From glued grid system to no cycle to boundedness to always 1

exstyle · November 1, 2025, 8:52am

Hello everyone, I decided to create a dedicate post of my distance base system, in order to not pollute other’s people contribution.

With the distance base framework, one might think its help to “proove” (big word) the Collatz conjecture. Can you help me prooving this is wrong (by experience, it’s always wrong at some point, but if it’s correct, I won’t complain) ?

Sorry in advance if it’s total non sense and I lose your time.

Collatz via a glued grid and a min–mean seam certificate: from No-Cycle to Reaches 1

Two-part roadmap (what you’re about to read)

Part I — No-cycle via the glued grid. We build a glued grid made of atomic moves (half-blocks and seams) and prove an exact simulation of each odd Collatz step. The grid potential \Psi increases at every atomic move, so non-trivial directed cycles cannot exist.

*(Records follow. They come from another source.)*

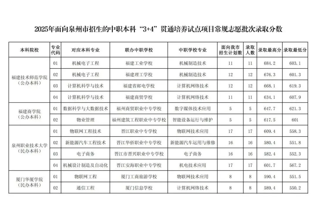 福建商学院的情况类似,换个说法就是:泉州中考600分出头的成绩填报中本贯通就能免高考,保送500分档的公办本科,难度差距显著。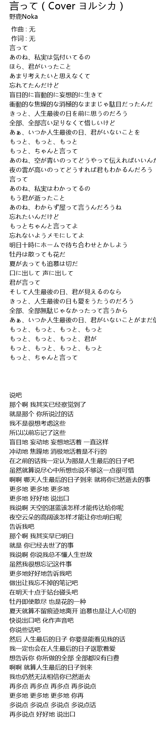 | [01:06.050] | 全部、全部言い足りなくて惜しいけど |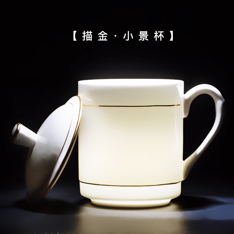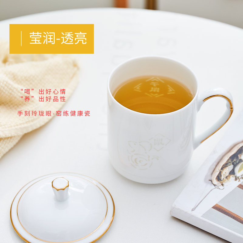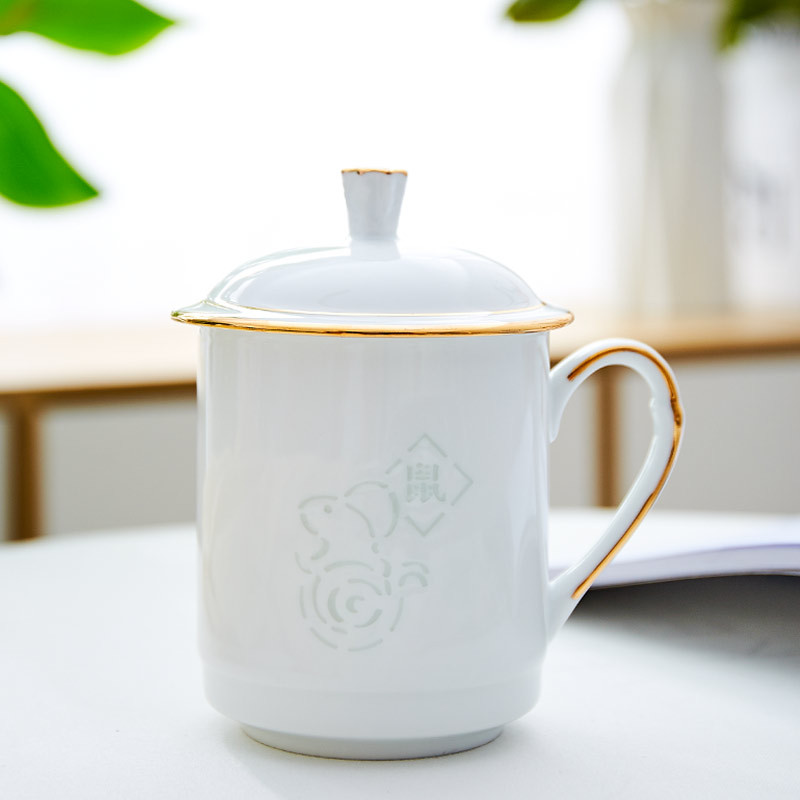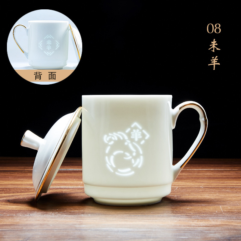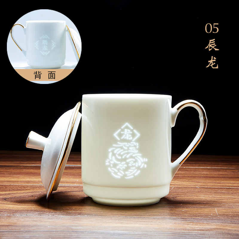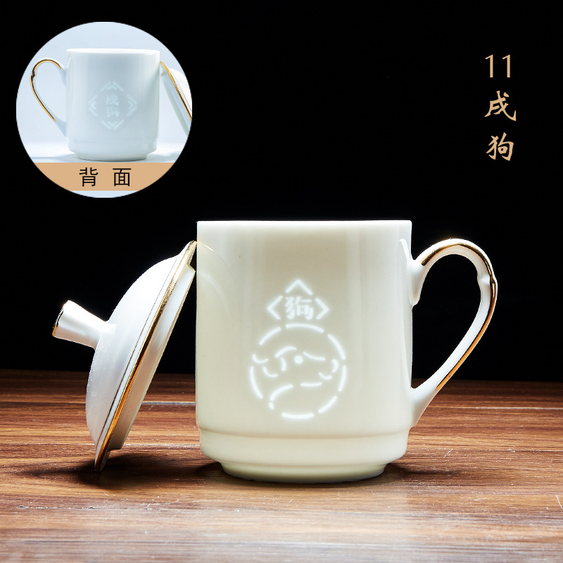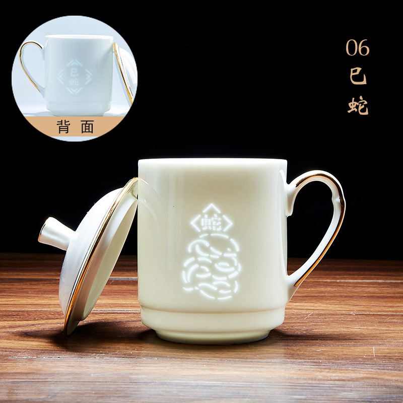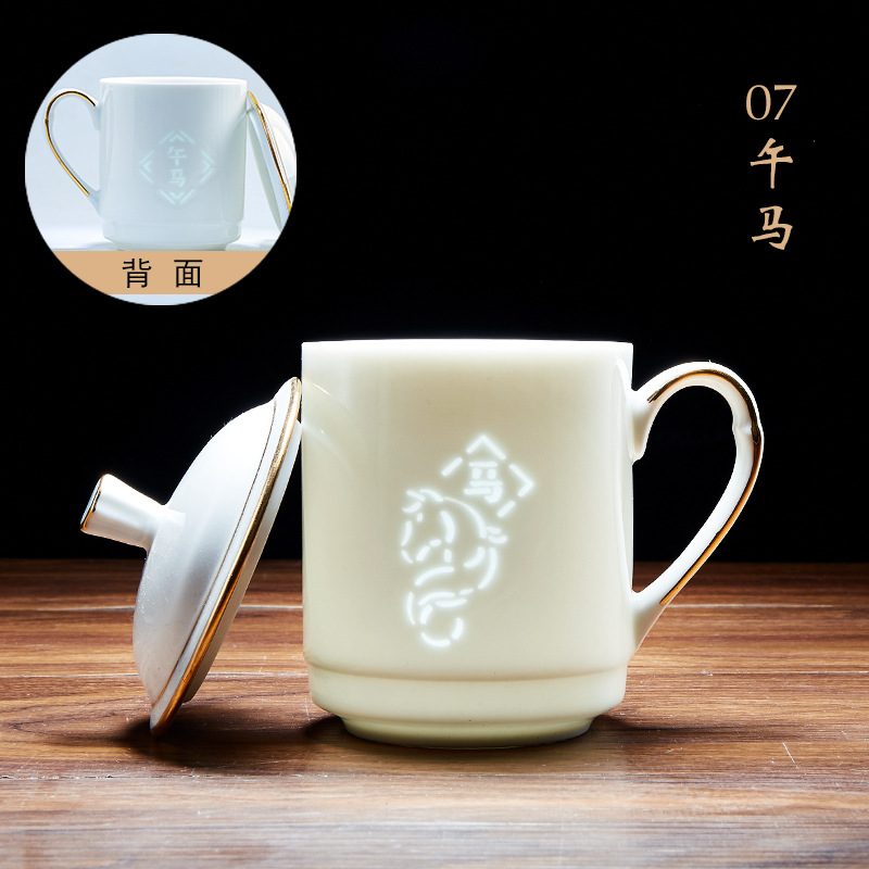景德镇茶杯陶瓷马克杯家用带盖水杯十二生肖描金玲珑瓷杯子大容量

Part II — Global min–mean certificate (boundedness, then 1). On the finite seam automaton \Sigma_b (mod 3^b ) each seam carries weight w=\log_{2}(3)-\kappa .
We prove for all b the exact min–mean value \mu^\ast=\log_{2}(3)-2 (with \log_{2}(3)-2\in(-1,0) ), then a short block inequality shows trajectories cannot diverge.
With “no-cycle” from Part I, every odd trajectory must settle at the unique fixed point y=1 .

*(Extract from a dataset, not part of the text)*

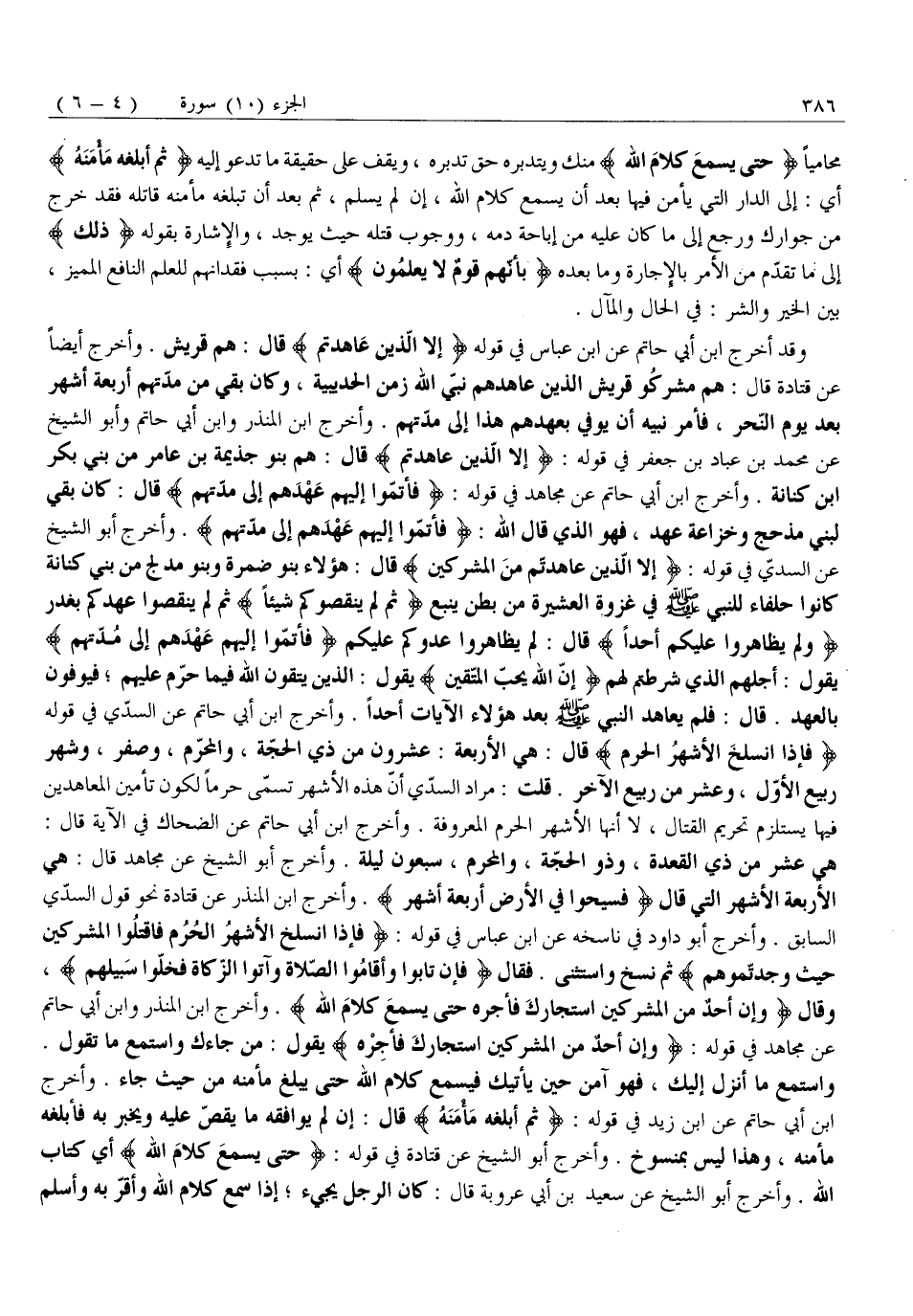 وَقَدْ أَخْرَجَ ابْنُ أَبِي حَاتِمٍ عَنِ ابْنِ عَبَّاسٍ فِي قَوْلِهِ إِلَّا الَّذِينَ عاهَدْتُمْ قَالَ: هُمْ قُرَيْشٌ. وَأَخْرَجَ أَيْضًا عَنْ قَتَادَةَ قَالَ: هُمْ مُشْرِكُو قُرَيْشٍ الَّذِينَ عَاهَدَهُمْ نَبِيُّ اللَّهِ زَمَنَ الْحُدَيْبِيَةِ، وَكَانَ بَقِيَ مِنْ مُدَّتِهِمْ أَرْبَعَةُ أَشْهُرٍ بَعْدَ يَوْمِ النَّحْرِ، فَأَمَرَ نَبِيَّهُ أَنَّ يُوفِيَ بِعَهْدِهِمْ هَذَا إِلَى مُدَّتِهِمْ. وَأَخْرَجَ ابْنُ الْمُنْذِرِ وَابْنُ أَبِي حَاتِمٍ وَأَبُو الشَّيْخِ عَنْ مُحَمَّدِ بْنِ عَبَّادِ بْنِ جَعْفَرٍ فِي قَوْلِهِ: إِلَّا الَّذِينَ عاهَدْتُمْ قَالَ: هُمْ بَنُو جَذِيمَةَ بْنِ عَامِرٍ مِنْ بني بكر ابن كِنَانَةَ. وَأَخْرَجَ ابْنُ أَبِي حَاتِمٍ عَنْ مُجَاهِدٍ فِي قَوْلِهِ: فَأَتِمُّوا إِلَيْهِمْ عَهْدَهُمْ إِلى مُدَّتِهِمْ قَالَ: كَانَ بَقِيَ لَبَنِي مَذْحِجٍ وَخُزَاعَةَ عَهْدٌ، فَهُوَ الَّذِي قَالَ اللَّهُ: فَأَتِمُّوا إِلَيْهِمْ عَهْدَهُمْ إِلى مُدَّتِهِمْ. وَأَخْرَجَ أَبُو الشَّيْخِ عَنِ السُّدِّيِّ فِي قَوْلِهِ: إِلَّا الَّذِينَ عاهَدْتُمْ مِنَ الْمُشْرِكِينَ قَالَ: هَؤُلَاءِ بَنُو ضَمْرَةَ وَبَنُو مُدْلِجٍ مِنْ بَنِي كِنَانَةَ كَانُوا حُلَفَاءَ لِلنَّبِيِّ صَلَّى اللَّهُ عَلَيْهِ وَسَلَّمَ فِي غَزْوَةِ الْعَشِيرَةِ مِنْ بَطْنِ يَنْبُعَ ثُمَّ لَمْ يَنْقُصُوكُمْ شَيْئاً ثُمَّ لَمْ يَنْقُصُوا عَهْدَكُمْ بِغَدْرٍ وَلَمْ يُظاهِرُوا عَلَيْكُمْ أَحَداً قَالَ: لَمْ يُظَاهِرُوا عَدُوَّكُمْ عَلَيْكُمْ فَأَتِمُّوا إِلَيْهِمْ عَهْدَهُمْ إِلى مُدَّتِهِمْ يَقُولُ: أَجْلُهُمُ الَّذِي شَرَطْتُمْ لَهُمْ إِنَّ اللَّهَ يُحِبُّ الْمُتَّقِينَ يَقُولُ: الَّذِينَ يَتَّقُونَ اللَّهَ فِيمَا حُرِّمَ عَلَيْهِمْ فَيُوفُونَ بِالْعَهْدِ. قَالَ: فَلَمْ يُعَاهِدِ النَّبِيُّ صَلَّى اللَّهُ عَلَيْهِ وَسَلَّمَ بَعْدَ هَؤُلَاءِ الْآيَاتِ أَحَدًا. وَأَخْرَجَ ابْنُ أَبِي حَاتِمٍ عَنِ السُّدِّيِّ فِي قَوْلِهِ فَإِذَا انْسَلَخَ الْأَشْهُرُ الْحُرُمُ قَالَ: هِيَ الْأَرْبَعَةُ: عِشْرُونَ مِنْ ذِي الْحِجَّةِ، وَالْمُحَرَّمُ، وَصَفَرٌ، وَشَهْرُ رَبِيعٍ الْأَوَّلِ، وَعَشْرٌ مِنْ رَبِيعٍ الْآخِرِ. قُلْتُ: مُرَادُ السُّدِّيِّ أَنَّ هَذِهِ الْأَشْهُرَ تُسَمَّى حُرُمًا لِكَوْنِ تَأْمِينِ الْمُعَاهَدِينَ فِيهَا يَسْتَلْزِمُ تَحْرِيمَ الْقِتَالِ، لَا أَنَّهَا الْأَشْهُرُ الْحُرُمُ الْمَعْرُوفَةُ. وَأَخْرَجَ ابْنُ أَبِي حَاتِمٍ عَنِ الضَّحَّاكِ فِي الْآيَةِ قَالَ:

What’s new / why it matters

Exact, not heuristic. The simulation is algebraic (no averaging); the min–mean value is proved by an explicit \kappa=2 self-loop at r\equiv -1\pmod{3^b} , independent of b .
Clean cancellation. The block estimate combines \mu^\ast with the tiny correction \delta(y) so the apparent growth cancels, leaving a non-positive drift; this kills divergence without any probabilistic assumption.
Elementary and checkable. All steps reduce to short identities on residues mod 3^b and a telescoping inequality on paths.

How to read

Skim Part I for the grid picture and the idea of “atomic” seams ⇒ no cycles.
Then Part II for the automaton, the value \mu^\ast=\log_{2}(3)-2 , and the block inequality ⇒ no divergence ⇒ reach 1.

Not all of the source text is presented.